[GOAL OF THE EXERCISE]:
Where a picture occurs in the data, omit it, and copy all remaining data exactly.

[Data records]:
* * * * * * *
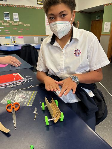 To take the project to the next level, students then selected one aspect of their design that they could change to improve their results. The task moved from out maneuvering the other teams to beating their own original design and it was lovely to see their enthusiasm when their plans came together. Students were able to use some of the science they had learnt throughout the team while gaining experience in the “soft skills” of how to work together in a team, problem solving and time management. The winning distance was 13.47m, but even those groups that got an initial distance of 0m improved their design!
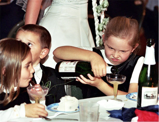 In my humble opinion, children under 21 do not belong at grownup parties where alcohol is being served. Even children who are part of the bridal party, such as ring bearers and flower girls, after attending the ceremony and photo shoot should be taken home. An exception would be a big family wedding where activities have been organized and caregivers are on hand to supervise. For insurance/liability reasons, country clubs have become careful (with good reason) about not allowing children into areas of the club where alcohol is served. Signs at the bars say, No Children in
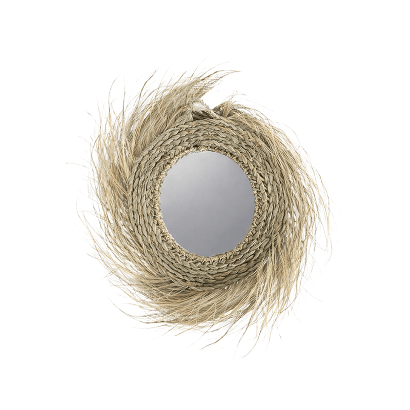 Su diseño combina la belleza orgánica de la fibra natural con un espejo central pulido que refleja la luz y mejora la sensación de amplitud en cualquier estancia. Gracias a su forma redonda y a su acabado natural, se integra fácilmente en ambientes mediterráneos, rústicos, minimalistas o bohemios.
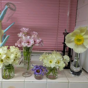 カットした花は、キッチンに飾ります。ラックスアリアドネ、グレーシス 茎が細長くて花首が折れてしまった、リューココリーネ 間違えてカットしたポピー
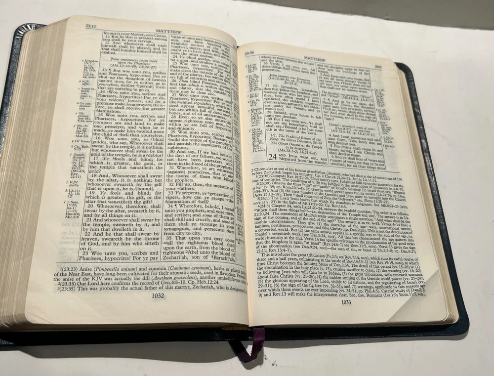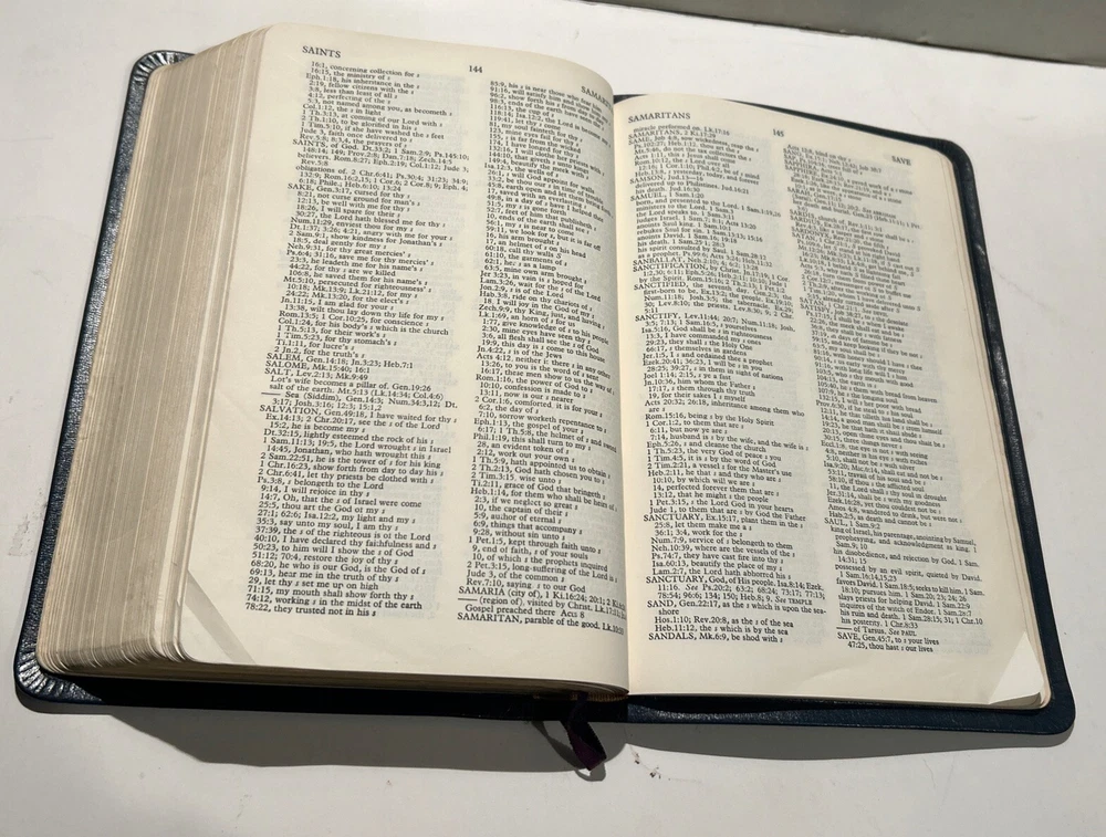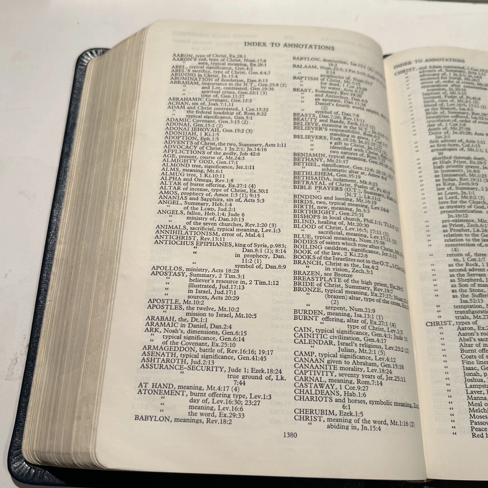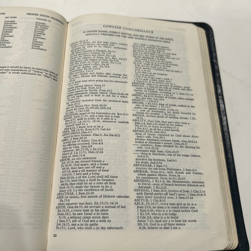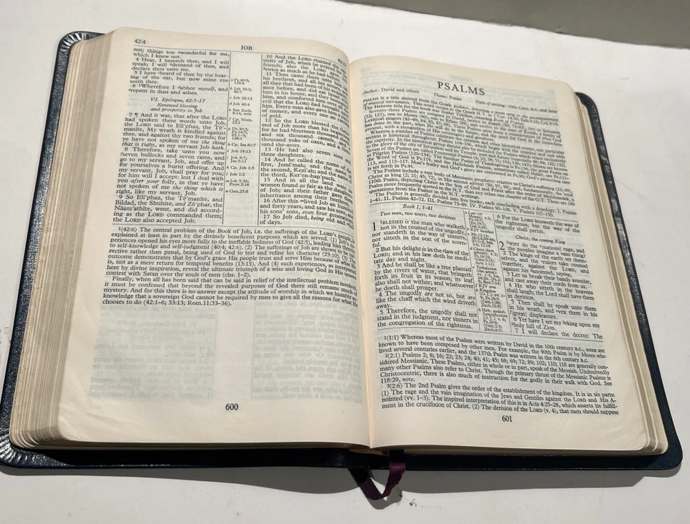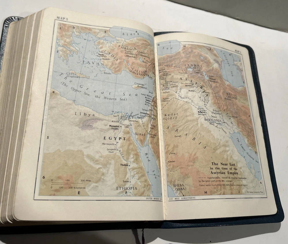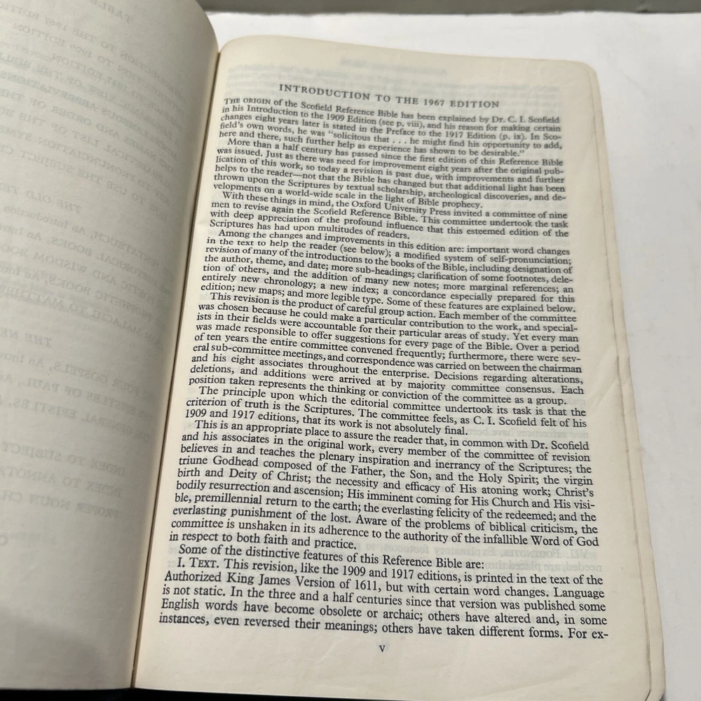 For your careful consideration here is a rare near fine copy of the Holy Bible KJV- 1945 Scofield Reference Edition - bound Natural Morocco Leather (Goatskin), Leather lined with Oxford Flexible (Smyth-Sewn) Binding. Facsimile Series 1. Print date code on back free end paper: T 10 63 indicates 1963 printing. FEATURES: Authorized King James Version with word changes to help the reader Modified Self-Pronouncing Type Author, Theme, and Date of Each Book Introduction to each Book and Section Marginal References Subject Chain References Sub-headings Chronology Explanatory Footnotes Index to Annotations New Concise Concordance New Oxford Bible Maps with Index STYLE: Genuine Morocco (Goatskin) Binding, Natural Grain Half Circuit style Gold edges Two Ribbon Markers Oxford India Paper Cover Measurements: 9.25" H x 6.1" W x 1.25" ITEM CONDITION NOTES: The text is clean and unmarked. The binding is tight and square. The cover is free of splits, chips, cracks or tears. NOTED DEFECTS: 1. The original owner's name was imprinted in gold on the front cover. The gold has been removed but the name is still visible on close inspection. 2. There is an inscription from the husband to his wife dated Christmas 1970 on the inside of the front fly leaf. PLEASE SEE ALL PHOTOS BEFORE BUYING.
* * * * * * *
[OUTPUT BELOW]:
 To take the project to the next level, students then selected one aspect of their design that they could change to improve their results. The task moved from out maneuvering the other teams to beating their own original design and it was lovely to see their enthusiasm when their plans came together. Students were able to use some of the science they had learnt throughout the team while gaining experience in the “soft skills” of how to work together in a team, problem solving and time management. The winning distance was 13.47m, but even those groups that got an initial distance of 0m improved their design!
 In my humble opinion, children under 21 do not belong at grownup parties where alcohol is being served. Even children who are part of the bridal party, such as ring bearers and flower girls, after attending the ceremony and photo shoot should be taken home. An exception would be a big family wedding where activities have been organized and caregivers are on hand to supervise. For insurance/liability reasons, country clubs have become careful (with good reason) about not allowing children into areas of the club where alcohol is served. Signs at the bars say, No Children in
 Su diseño combina la belleza orgánica de la fibra natural con un espejo central pulido que refleja la luz y mejora la sensación de amplitud en cualquier estancia. Gracias a su forma redonda y a su acabado natural, se integra fácilmente en ambientes mediterráneos, rústicos, minimalistas o bohemios.
 カットした花は、キッチンに飾ります。ラックスアリアドネ、グレーシス 茎が細長くて花首が折れてしまった、リューココリーネ 間違えてカットしたポピー
 For your careful consideration here is a rare near fine copy of the Holy Bible KJV- 1945 Scofield Reference Edition - bound Natural Morocco Leather (Goatskin), Leather lined with Oxford Flexible (Smyth-Sewn) Binding. Facsimile Series 1. Print date code on back free end paper: T 10 63 indicates 1963 printing. FEATURES: Authorized King James Version with word changes to help the reader Modified Self-Pronouncing Type Author, Theme, and Date of Each Book Introduction to each Book and Section Marginal References Subject Chain References Sub-headings Chronology Explanatory Footnotes Index to Annotations New Concise Concordance New Oxford Bible Maps with Index STYLE: Genuine Morocco (Goatskin) Binding, Natural Grain Half Circuit style Gold edges Two Ribbon Markers Oxford India Paper Cover Measurements: 9.25" H x 6.1" W x 1.25" ITEM CONDITION NOTES: The text is clean and unmarked. The binding is tight and square. The cover is free of splits, chips, cracks or tears. NOTED DEFECTS: 1. The original owner's name was imprinted in gold on the front cover. The gold has been removed but the name is still visible on close inspection. 2. There is an inscription from the husband to his wife dated Christmas 1970 on the inside of the front fly leaf. PLEASE SEE ALL PHOTOS BEFORE BUYING.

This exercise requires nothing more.